What can I read from the color of the earwax?
Earwax exists in many different colors. Both yellowish and orange earwax are possible, as well as many shades of brown to black. Dark earwax seems to be mainly caused by heavy sweat production.
Genetically, a person produces either dry or moist earwax. The absolute majority of Europeans produce the moist type. Above all in East Asia, however, one finds the dry type.
This is whiter and firmer. An indication of a damage is above all the earwax added blood. If large amounts of liquid flow out of the ear, it can not only be earwax, but also pus, for example. In this case a doctor should be consulted.
Earwax for babies and children
Earwax is a common problem for babies and children. Basically, however, it fulfills the same tasks for the little ones as in adulthood. It is an important barrier against any kind of infection of the external auditory canal and ensures that it is kept moist and self-cleaning.
In babies and children, too, excess production and a disturbed self-cleaning process can lead to the formation of a plug of earwax. Close observation and age-appropriate questioning of the child can provide information about the type of impairment. Older children usually complain of a loss of normal hearing on one side, a feeling of pressure, pain or itching, and less frequently even of ringing in the ears.
In babies, if the excess earwax is not already visible at the exit of the external auditory canal, attention should be paid to signs of sensation in one ear.

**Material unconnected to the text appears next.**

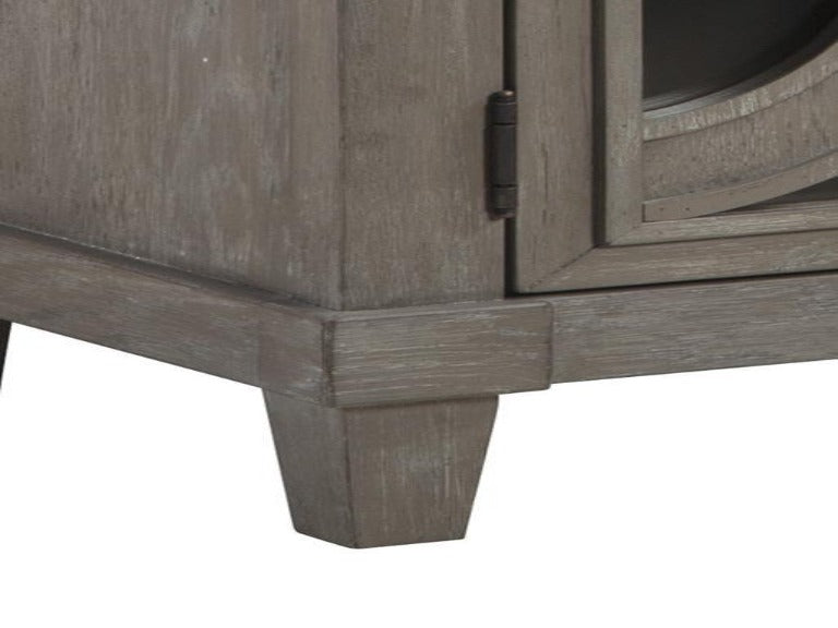 Wowing with exquisite quatrefoil framing, made all the more dramatic with the contrast of clear glass, the Fossil Ridge 4-door cabinet serves up an easy-elegant aesthetic sure to satisfy. The light and lovely finish brings a relaxed sensibility to the scene.

Too much earwax is never the cause of fever, infections or problems falling asleep. Under no circumstances should parents try to clean their baby’s or child’s ears themselves without medical advice.
Do not use cotton swabs that are intended for adult use, as they can cause injury to the child’s ear if used improperly. After careful and gentle inspection of the affected ear, the doctor will decide on a gentle removal of the earwax by means of keratolytic (horn-dissolving) drops and gentle rinsing with warm water. Painful measures such as scraping out the external auditory canal with spoons or loop tools are not recommended for babies and children due to their unwillingness to cooperate.
If necessary, the treatment with drops and the subsequent rinsing of the auditory canal must be repeated. The doctor can train parents of affected children in the application of the measures for use at home. However, even in infancy or childhood, the healthy ear does not require regular cleaning and complications can arise if the ear is excessively or improperly irrigated.